И ведь вот что поразительно: сюжет-то ведь реально существует! Действительно, металл льется, планы недовыполняются, и на фоне всего этого и даже в связи со всем этим женатый начальник главка действительно встречается с замужним технологом и начинается между ними конфликт, который переходит в бурный романчик, и возникают жуткие ситуации, зреют и лопаются кошмарные нравственно-организационные нарывы, вплоть до КПК…
Все это действительно бывает в жизни, и даже частенько бывает, и все это, наверное, достойно отображения никак не меньше, нежели бурный романчик бездельника-дворянина с провинциальной барышней, вплоть до дуэли. Но получается лажа.

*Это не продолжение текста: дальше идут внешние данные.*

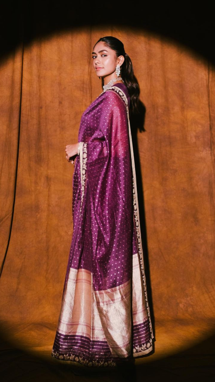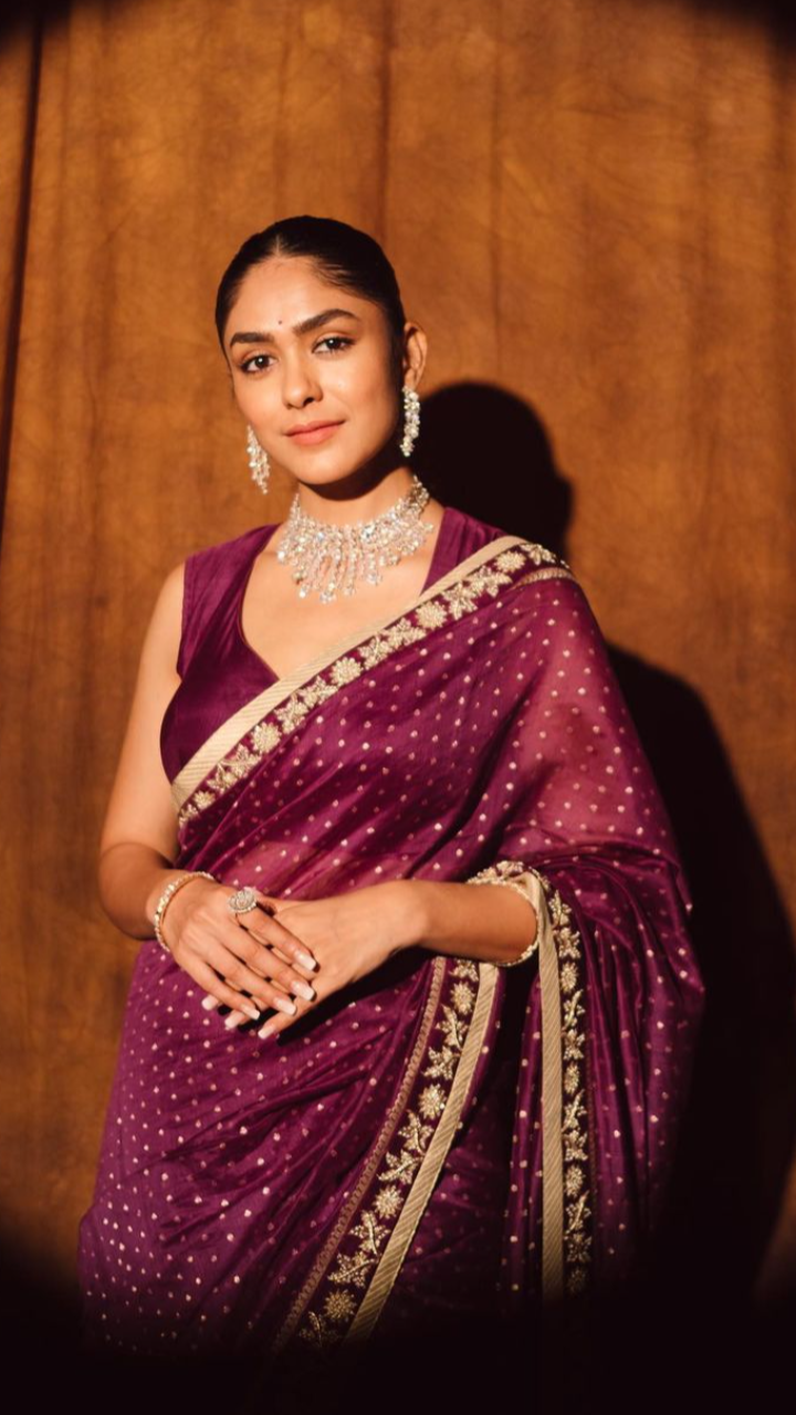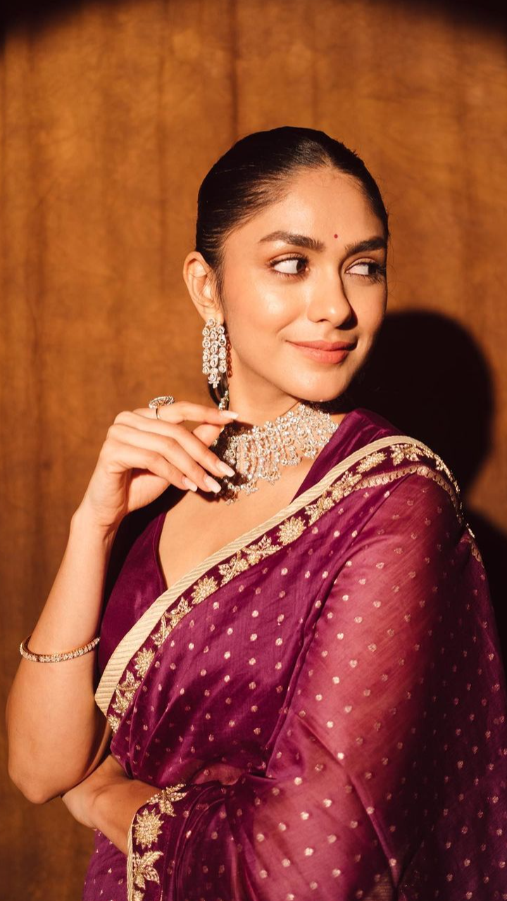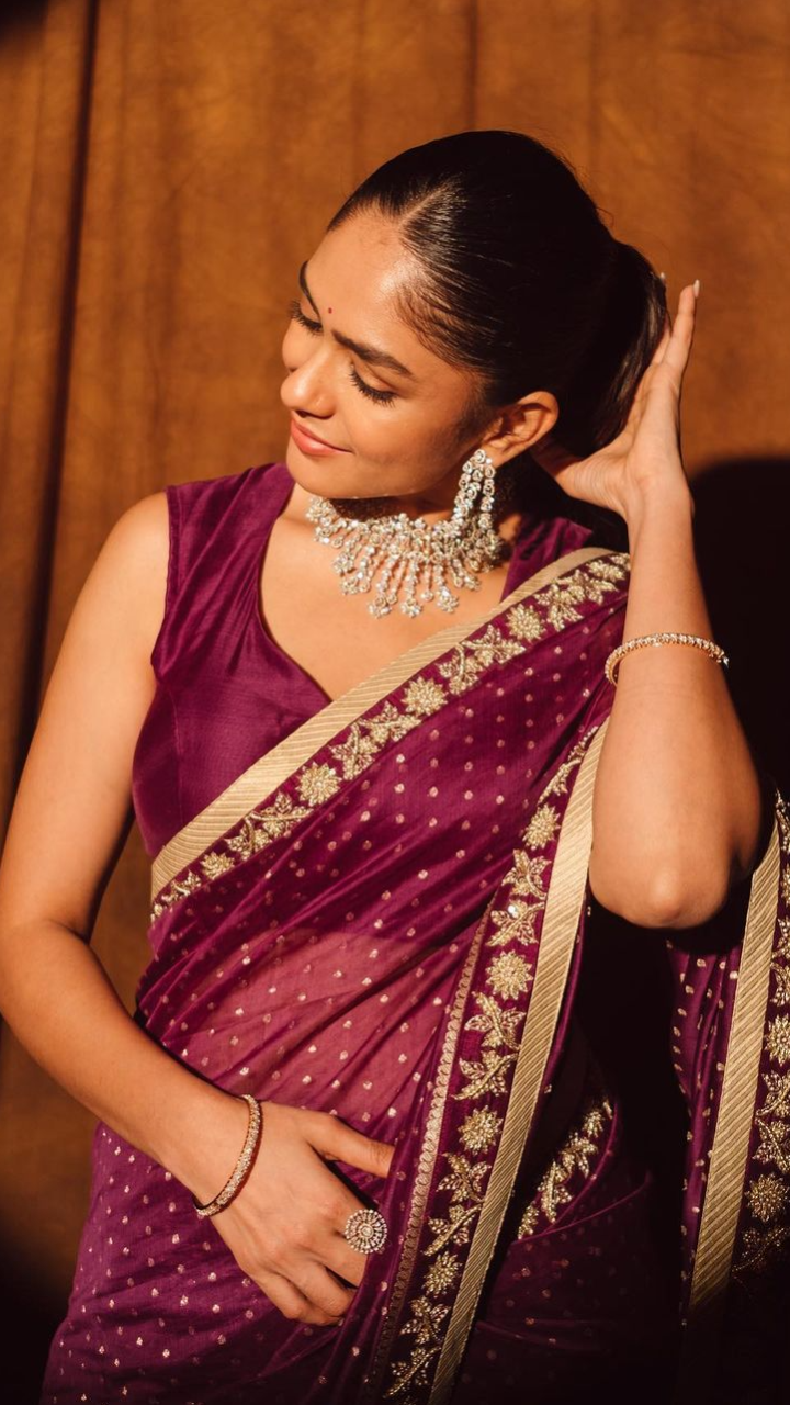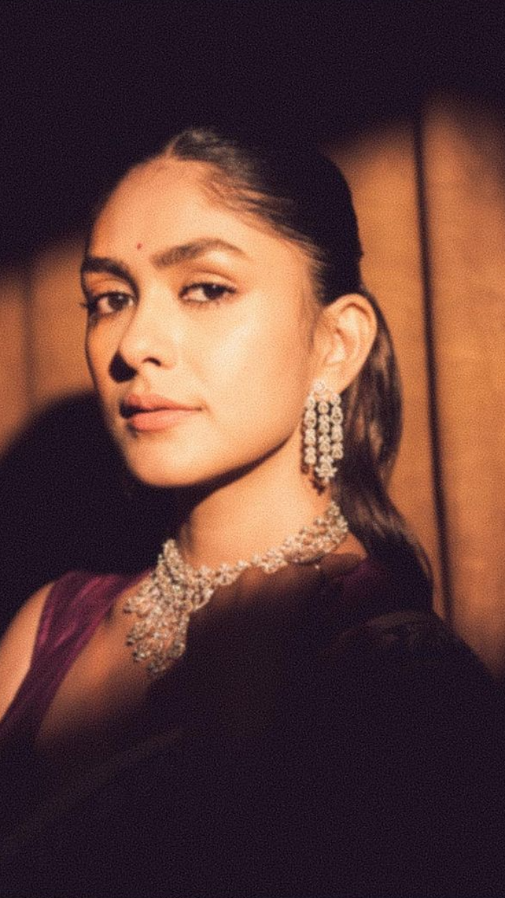 मृणाल ने पर्पल कलर की साड़ी पहनी हुई हैं और जूड़ा बनाया हुआ हैं जो बहुत ही सुंदर हैं।
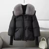 Kurze Daunen-Baumwolljacke für Damen im Winter, stilvolle Baumwolljacke für kleine Mütter, Baumwolljacke mit großem Fellkragen für Oberbekleidung
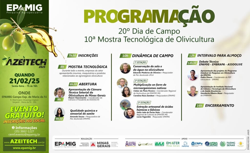 A EPAMIG irá realizar o Azeitech 2025, evento gratuito marcado para o dia 21 de fevereiro, no Campo Experimental de Maria da Fé. A programação tem como tema central “práticas agrícolas sustentáveis e agricultura regenerativa”.
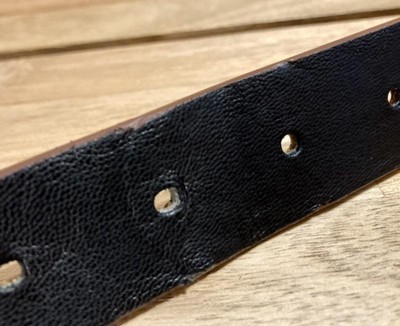 The finish on the belt buckle started to chip during first wear. Belt is also very stiff and showing signs of wear.
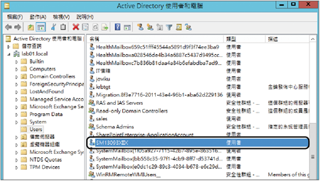 接著,就來一窺究竟SharePoint小組網站信箱在Active Directory中的長相。如圖48所示,這裡所選取的SM13093XIIX帳戶,就是在SharePoint小組網站中建立網站信箱應用程式時,系統所自動幫忙建立的網域帳戶,此信箱帳戶目前狀態處於停用,因為它僅提供作為信箱帳戶,而不需要使用它來登入網域。
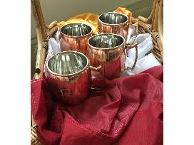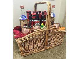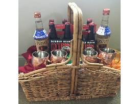 Drink your Moscow Mule in style with this set of four 16 oz. solid copper mugs engraved with KA Badge! This package also includes (2) 750ml bottles of Tito's handmade vodka, (2) 4-packs of Cock 'N Bull Ginger Beer, lime juice and a basket to carry it all in. The perfect drink and perfect package for summertime!
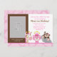 This cute birthday card features customisable text and a large opening to replace with your photo. Template designed for a 6.25 x 4.5 size. Includes envelopes. Great for any age jungle theme birthday!
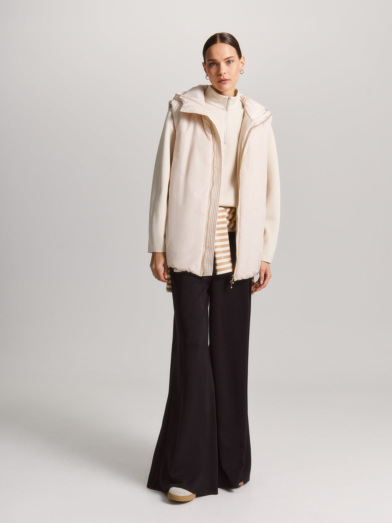 Универсальный светло-бежевый цвет легко сочетается с джинсами и кэжуальными брюками коллекции. Этот жилет станет практичным и стильным элементом Вашего гардероба для прогулок или отдыха, выручит в поездке.
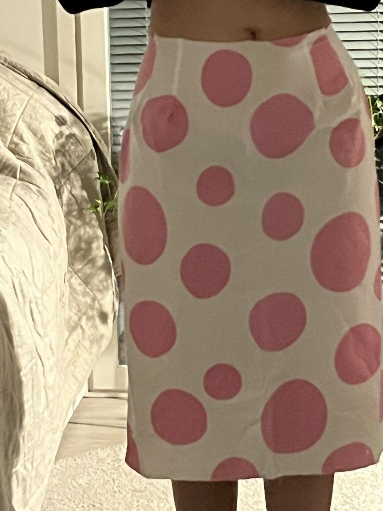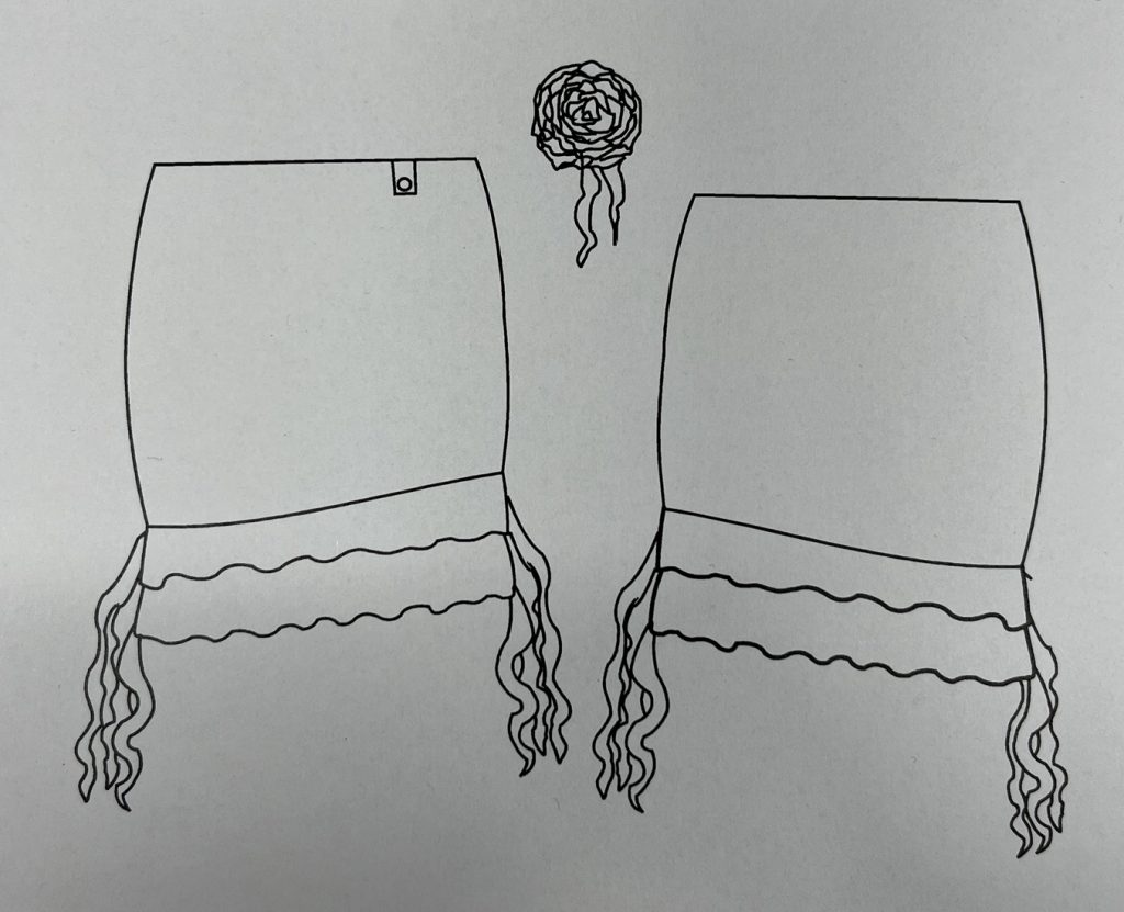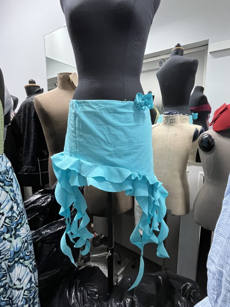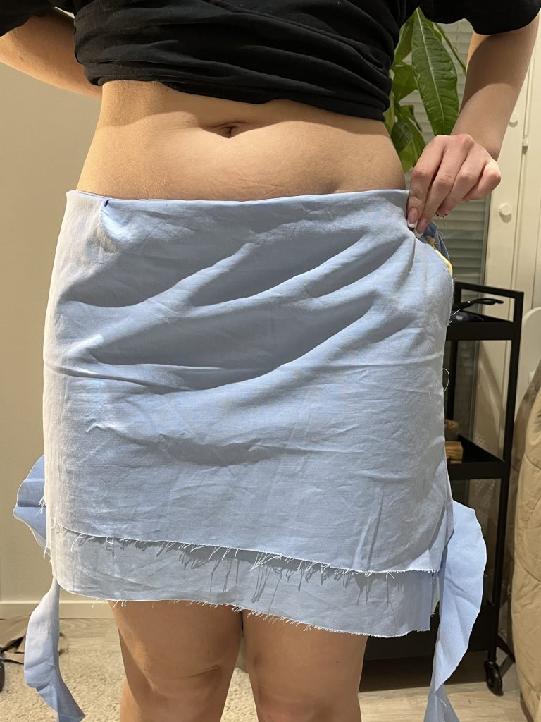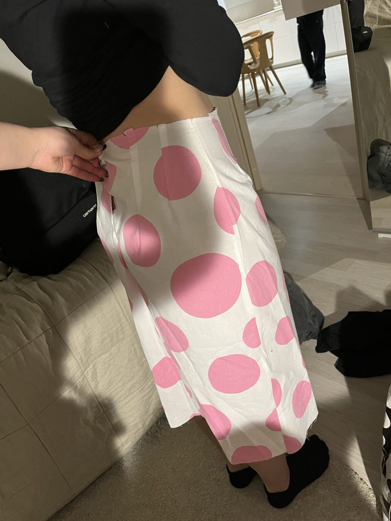 Hameesta tehty proto mutta ei vielä oikeilla mitoilla vaan että miltä hame suunnilleen tulisi näyttämään.
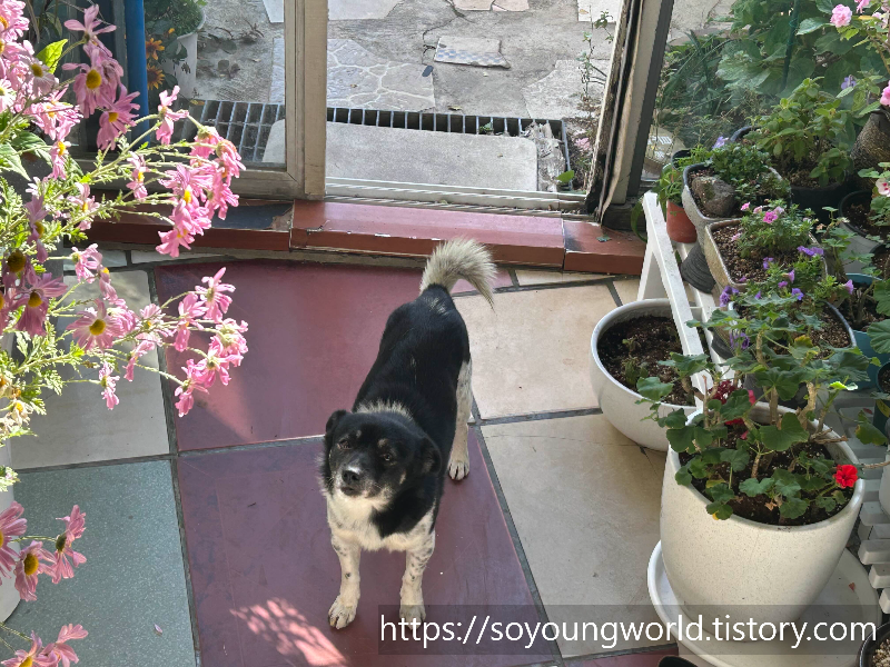 꽃밭에 우리강아지
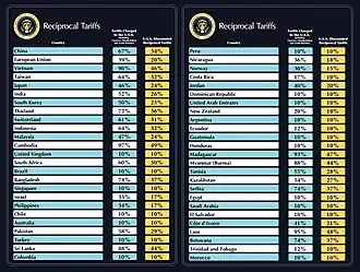 - ↑ (en) Trump unveils global reciprocal tariffs (2 april 2025). Gearchiveerd op 2 april 2025.
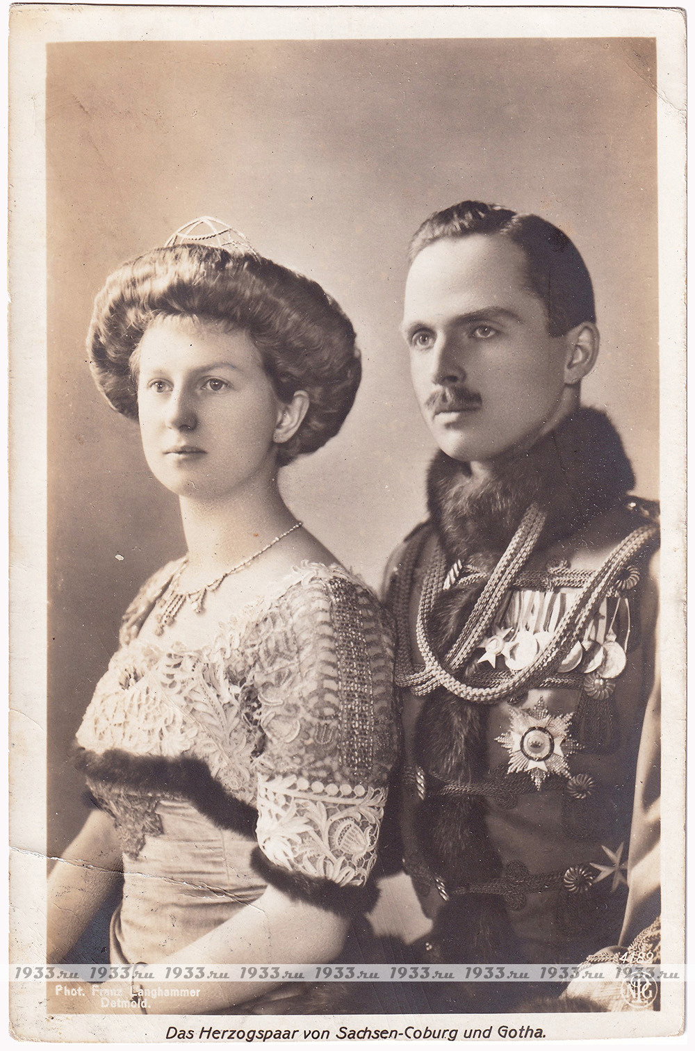 На фотографии Карл-Эдуард фон-Саксен-Кобург-Готский, (1884–1954 г.г.), герцог, (президент Немецкого Красного Креста) и его супруга - принцесса Виктория Адельгейде Шлезвиг-Гольштейн-Зондербург-Глюксбургская, родственница немецкой императрицы Августы Виктории.
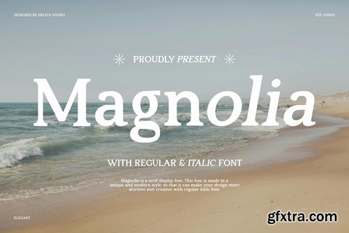 Magnolia Serif Font typeface is perfect for crafting elegant quotes, stunning logos, captivating magazine headers, and so much more. Main Features THANK YOU HELICA STUDIO.

И всегда получалась лажа, и между прочим, не только у нашего брата – советского писателя. Вон и у Хемингуэя высмеян бедняга халтурщик, который пишет роман о забастовке на текстильной фабрике и тщится совместить проблемы профсоюзной работы со страстью к молодой еврейке-агитатору. Замужний технолог, еврейка-агитатор… Язык человеческий протестует против таких сочетаний, когда речь идет об отношениях между мужчиной и женщиной. «Молодая пешеход добежал до переход…»
У меня вот в «Товарищах офицерах» любовь протекает на фоне политико-воспитательной работы среди офицерского состава Н-ского танко-самоходного полка. И это ужасно. Я из-за этого собственную книгу боюсь перечитывать. Это же нужен какой-то особенный читатель – читать такие книги! И он у нас есть. То ли мы его выковали своими произведениями, то ли он как-то сам произрос – во всяком случае, на книжных прилавках ничего не залеживается.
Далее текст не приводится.